**YOUR OBJECTIVE**
Your task is to return the listing below word for word, without any of its images.

**COLLECTED DATA**
-------

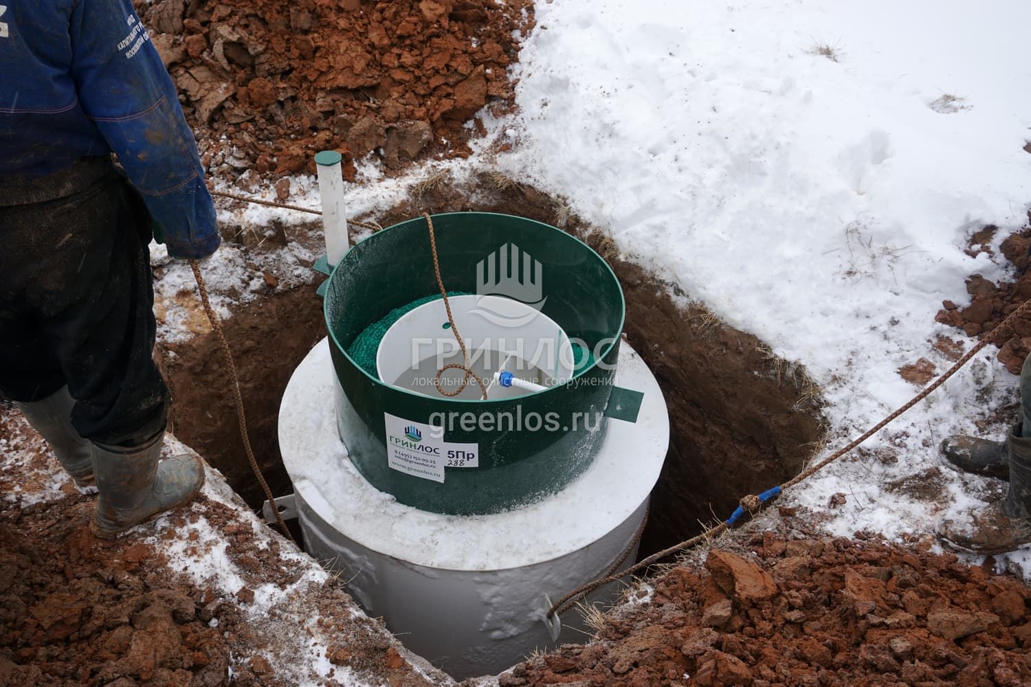 Доставка септика ГРИНЛОС Аква 5 Пр на загородный участок заказчика. Выбор места для установки. Подготовка котлована и траншей, установка септика, прокладка трубопровода, засыпка септика и труб песком. Для проверки работы системы был выполнен пробный запуск оборудования.
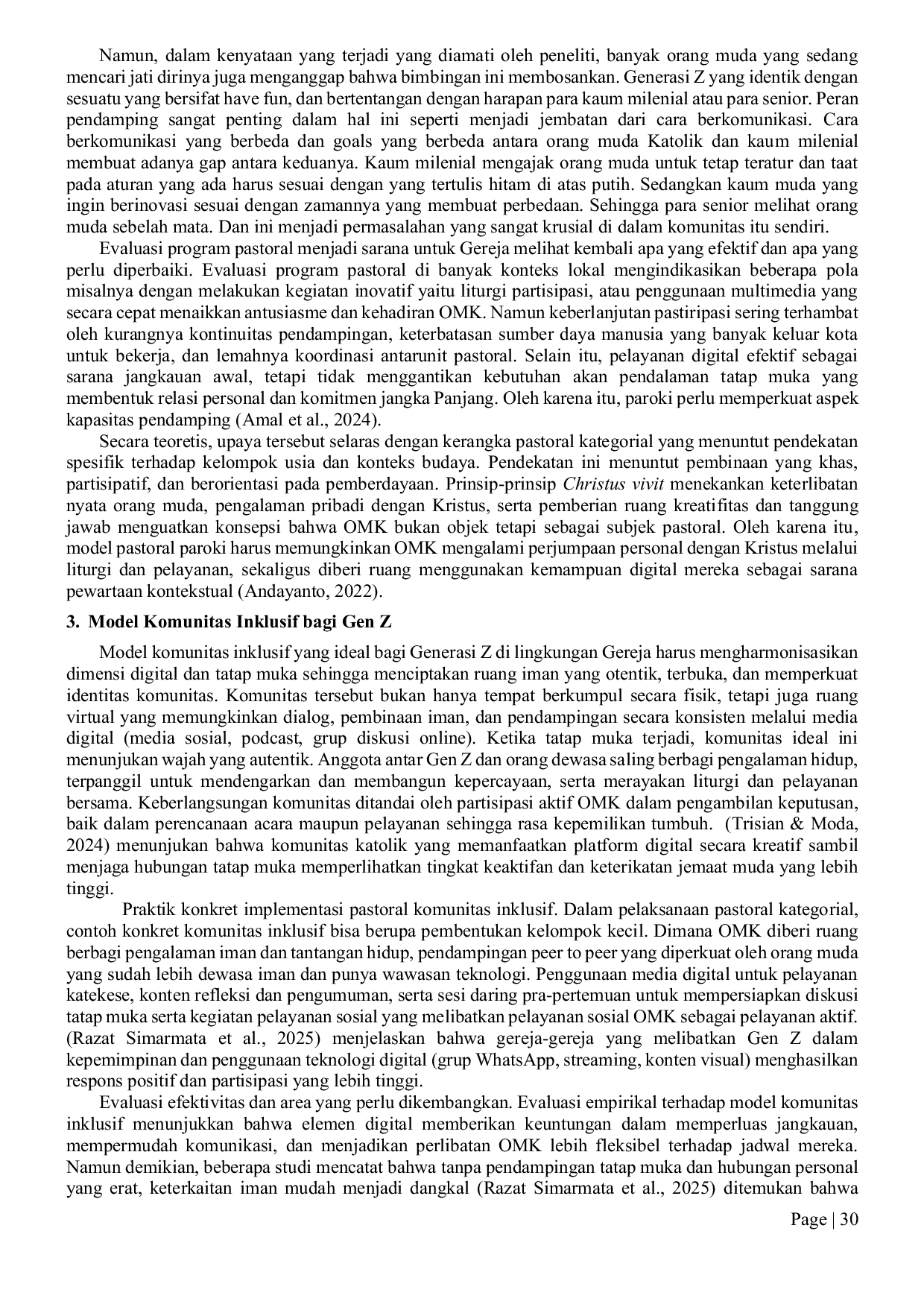 Penelitian ini menyimpulkan bahwa membangun komunitas Orang Muda Katolik (OMK) yang inklusif dan relevan bagi Generasi Z memerlukan harmonisasi strategi pastoral tatap muka dan digital untuk mengatasi individualisme serta modernisasi.OMK rentan terhadap relasi dangkal dan kurangnya partisipasi liturgi, sehingga model yang efektif harus mengedepankan otentisitas, pemberdayaan OMK sebagai subjek aktif, dan adaptasi media digital sebagai pelengkap.Meskipun ada upaya pastoral melalui kegiatan kebersamaan, keberlanjutan partisipasi OMK tetap menjadi kendala, menunjukkan perlunya transformasi peran Gereja menjadi mentor dan fasilitator yang partisipatif.
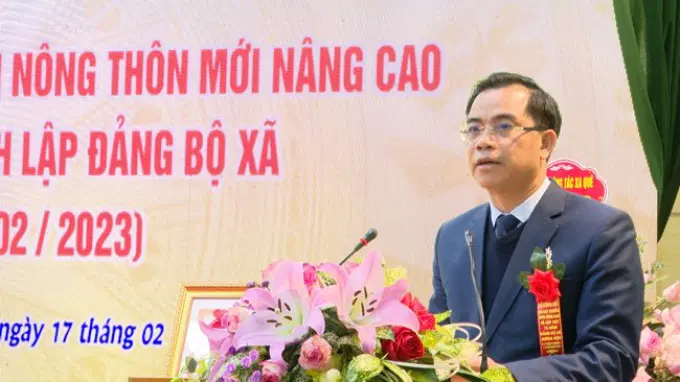 Đồng chí Chủ tịch UBND huyện Quách Hải Lý phát biểu tại buổi lễ
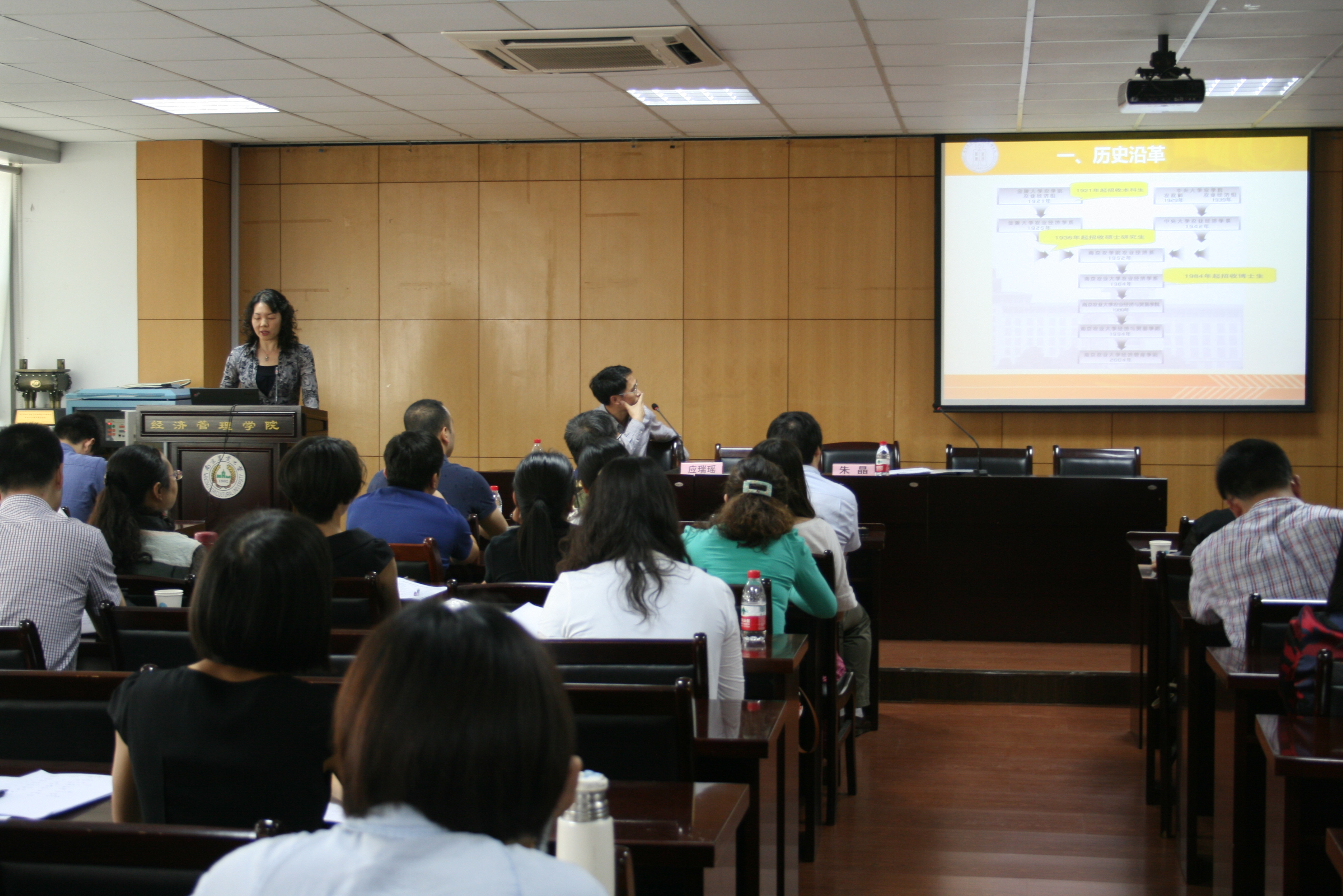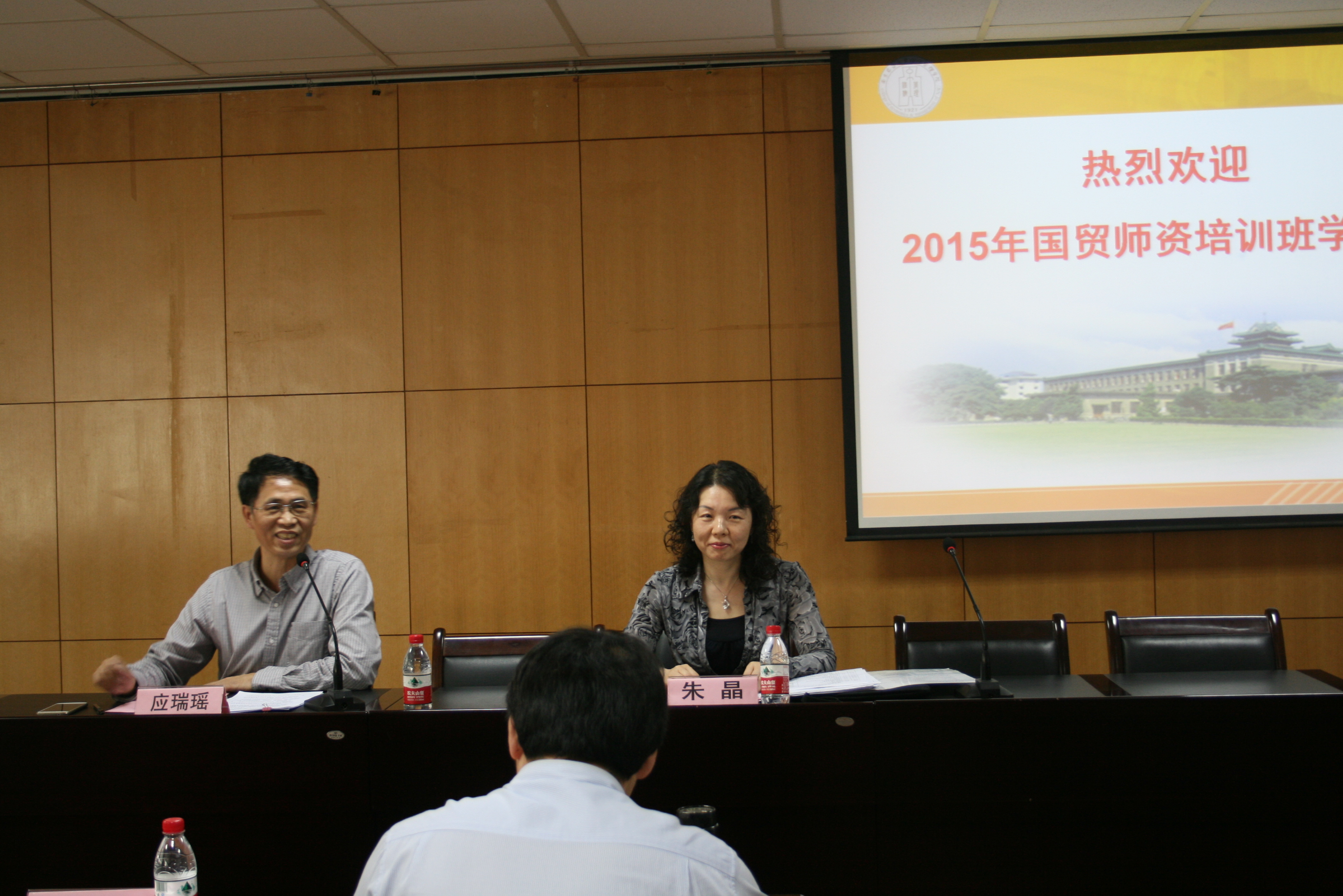 2015年5月20日下午,江苏高校国际贸易专业青年教师培训班开班典礼在我校举行,此次培训班受江苏省教育厅委托,由我校英国正版365官方网站承办,来自江苏省30多所高校的近50位青年教师参加了培训。英国正版365官方网站院长朱晶、副院长应瑞瑶、经济贸易系主任徐志刚,副主任周力、管理学系主任何军、青年教师孙顶强副教授出席了开班仪式,开班典礼由应瑞瑶主持。

-------

**OUTPUT OF THE EXERCISE**
 Доставка септика ГРИНЛОС Аква 5 Пр на загородный участок заказчика. Выбор места для установки. Подготовка котлована и траншей, установка септика, прокладка трубопровода, засыпка септика и труб песком. Для проверки работы системы был выполнен пробный запуск оборудования.
 Penelitian ini menyimpulkan bahwa membangun komunitas Orang Muda Katolik (OMK) yang inklusif dan relevan bagi Generasi Z memerlukan harmonisasi strategi pastoral tatap muka dan digital untuk mengatasi individualisme serta modernisasi.OMK rentan terhadap relasi dangkal dan kurangnya partisipasi liturgi, sehingga model yang efektif harus mengedepankan otentisitas, pemberdayaan OMK sebagai subjek aktif, dan adaptasi media digital sebagai pelengkap.Meskipun ada upaya pastoral melalui kegiatan kebersamaan, keberlanjutan partisipasi OMK tetap menjadi kendala, menunjukkan perlunya transformasi peran Gereja menjadi mentor dan fasilitator yang partisipatif.
 Đồng chí Chủ tịch UBND huyện Quách Hải Lý phát biểu tại buổi lễ
 2015年5月20日下午,江苏高校国际贸易专业青年教师培训班开班典礼在我校举行,此次培训班受江苏省教育厅委托,由我校英国正版365官方网站承办,来自江苏省30多所高校的近50位青年教师参加了培训。英国正版365官方网站院长朱晶、副院长应瑞瑶、经济贸易系主任徐志刚,副主任周力、管理学系主任何军、青年教师孙顶强副教授出席了开班仪式,开班典礼由应瑞瑶主持。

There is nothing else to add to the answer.